Apart from buying the US-origin goods, Indonesia also went on to agree to grant permission and support the US investment when it comes to exploration, refining, and processing, as well as transportation pertaining to energy resources and critical minerals, with possible funding assistance from US institutions.
Jakarta, on the other hand, has also agreed not to have any restrictions on imports of US bioethanol and outlined plans so as to introduce E5 fuel blending by 2028 and also E10 by 2030, with a possibility of E20 depending upon the infrastructure readiness.
The Upstream Push
Apart from this, when it came to the upstream front, Lahadalia remarked that the government plans to extend the ExxonMobil-operated Cepu Block contract till 2055, with another set of investments of almost $10 billion. Numerous technical issues, which include the cost recovery scheme, are getting ready, and production is at present 170,000-185,000 b/d, Lahadalia confirmed.
Notably, the Cepu Block exploration contract is due to expire in 2035. ExxonMobil went on to first discover the Banyu Urip field located in East Java, having reserves of almost 450 million barrels.
Mantiri confirmed that Pertamina had also inked an agreement with Halliburton pertaining to oilfield recovery at mature domestic fields that are experiencing natural production reductions.
The fact is that Indonesia has indeed struggled to raise its crude output after years without any sort of major new discoveries. The country produced around 605,300 b/d of crude oil in 2025 and is now targeting 610,000 b/d in 2026, reports Platts.
And then there are authorities who have also said that they plan to reactivate idle wells and push exploration across the eastern part of Indonesia by way of more attractive terms.
Tariff Barriers
Also, the bilateral deal is going to see Indonesia eradicate tariffs on more than 99% of US products, while on the other hand, the US is going to maintain a 19% reciprocal tariff when it comes to imports from Indonesia; however, certain textiles as well as apparel goods are going to have a 0% tariff rate.
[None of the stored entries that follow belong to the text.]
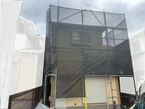 飛散防止養生シートで周囲を囲み足場組は完了です(‘◇’)ゞ
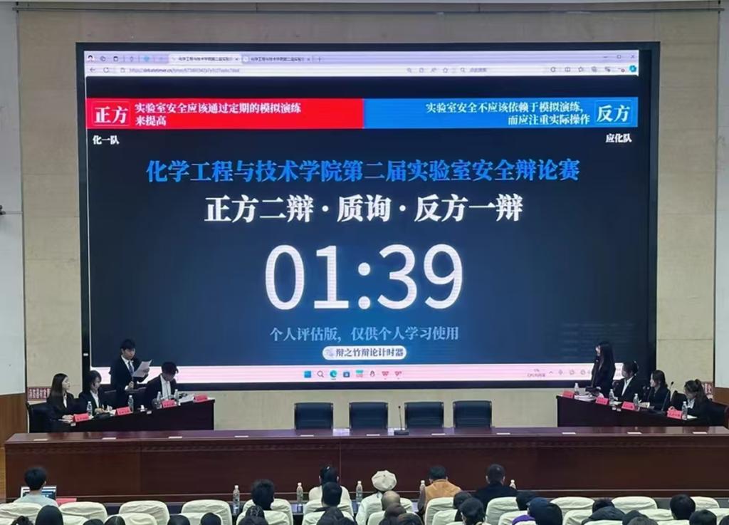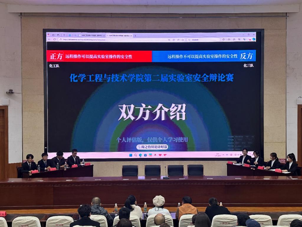 共有化一队、化三队、应化队和化工队四支队伍参加辩论赛半决赛和决赛,比赛分两场进行。第一场是由化一队和应化队以“实验室安全应该通过定期的模拟演练来提高,还是更注重实际操作”为辩题,正方强调定期的模拟演练可以提高实验室安全性的关键,反方则以设备故障的突发性和不可预测性为切入点,阐述了设备实验技能的重要性。第二场是由化三队和化工队以“远程操作能否提高实验室安全性”为主题,正方认为实验室安全以人为本,远程操作避免人员伤亡,反方则力陈远程操作的不切实际。两场辩论赛过程中,双方辩手唇枪舌剑、你来我往,现场气氛热烈,掌声不断。
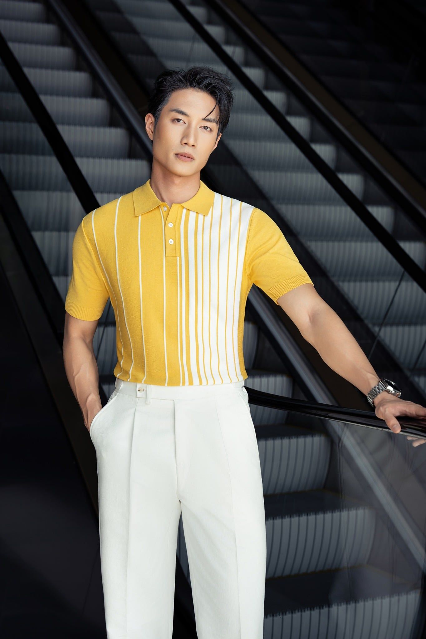 Áo mongtoghi sọc vàng và trắng AP421
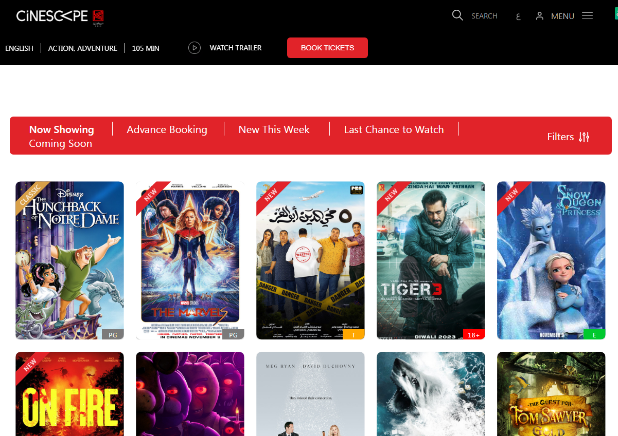 يوجد الكثير من الأفلام التي يتم عرضها في سينما سينسكيب بالوقت الحالي، وهي الأفلام التي يتم من خلالها تلبية احتياج الكثير بعامل المتعة والإثارة والتشويق الذي يميلون إلى الاستمتاع به في مشاهدة السينمات، ومن خلال النقاط التالية يتم عرض الأفلام المتاحة:
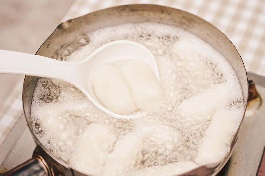④水烧开后放入山药糯米条,煮至全部浮在水面上捞出来备用。
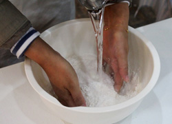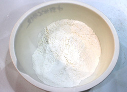 まずは中力粉に食塩水を加え、全体にまぶしていきます。
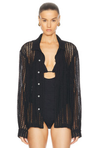 Details - 100% cotton - Made in India - Dry clean only - Front button loop closure - Button cuffs - Open guipure lace fabric - Our Style No. BOFE-WS52 - Manufacturer Style No. MRS24SH045
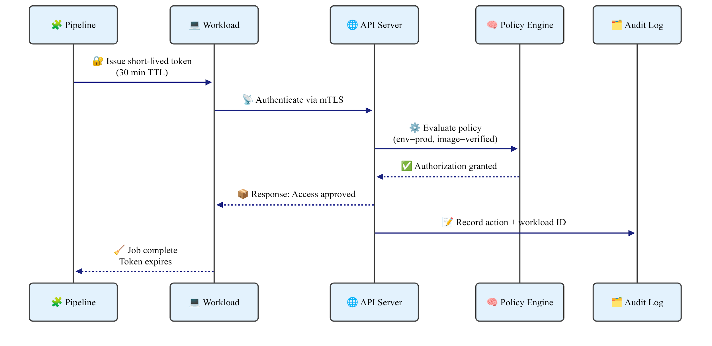 Authorization: Policy evaluates: namespace=production AND image_signature=verified AND owner=platform-team → ALLOW
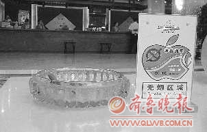 15日,在市区一家四星级酒店大堂,“禁烟牌”和烟灰缸成鲜明对比。
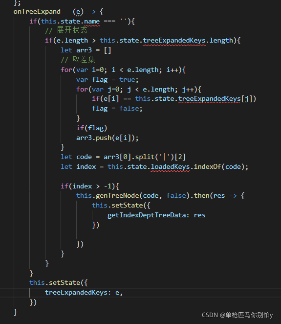 先说下思路,tree插件是有一个loadedKeys属性的,是可以直接进行操作的,TreeSelect插件不支持这个属性,我们需要手写一个,全局设置一个变量,在loadData异步加载的时候,把当前加载的code存起来
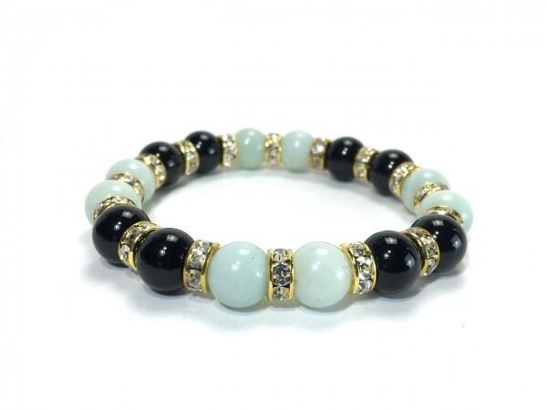こちらは、アマゾナイトとオニキスを組み合わせたブレスレットです。間にはロンデルを挟み高級感あるデザインに仕上がっています。石大きさは腕にも馴染みやすいように10mm玉で内周約16cm(伸可能)です。数に限りがございますので気になる方はお早めにどうぞ。
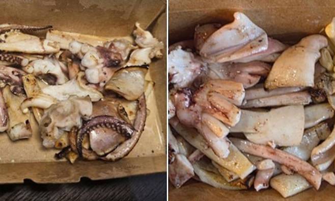 사진 속 철판오징어는 짧게 잘린 다리 여러 조각이 전부였다. 몸통 조각은 찾아보기 힘들었으며 종이 상자 크기 대비 양이 현저히 적었다. A씨는 “먹다 찍은 게 아니다”라며 “불쇼까지 하면서 시선을 사로잡고 (양을) 빼돌렸다”고 주장했다.

The US, at present, has its 15th-largest goods trade deficit with Indonesia, which totals $23.7 billion in 2025.
As per the statement from the White House, President Trump has gone on to deliver a forward-looking and expansive trade deal in one of the biggest markets in Southeast Asia, and it is going to be benefiting American workers, exporters, and farmers, as well as digital innovators.
Jakarta, ahead of Prabowo Subianto, the Indonesian president’s meeting with Trump so as to finalize the trade agreement, went on to announce that both Indonesian and US companies have inked around 11 deals of $38.4 billion on February 18, 2026, that take into account mining, agribusiness, energy, textiles, and furniture, as well as technology verticals.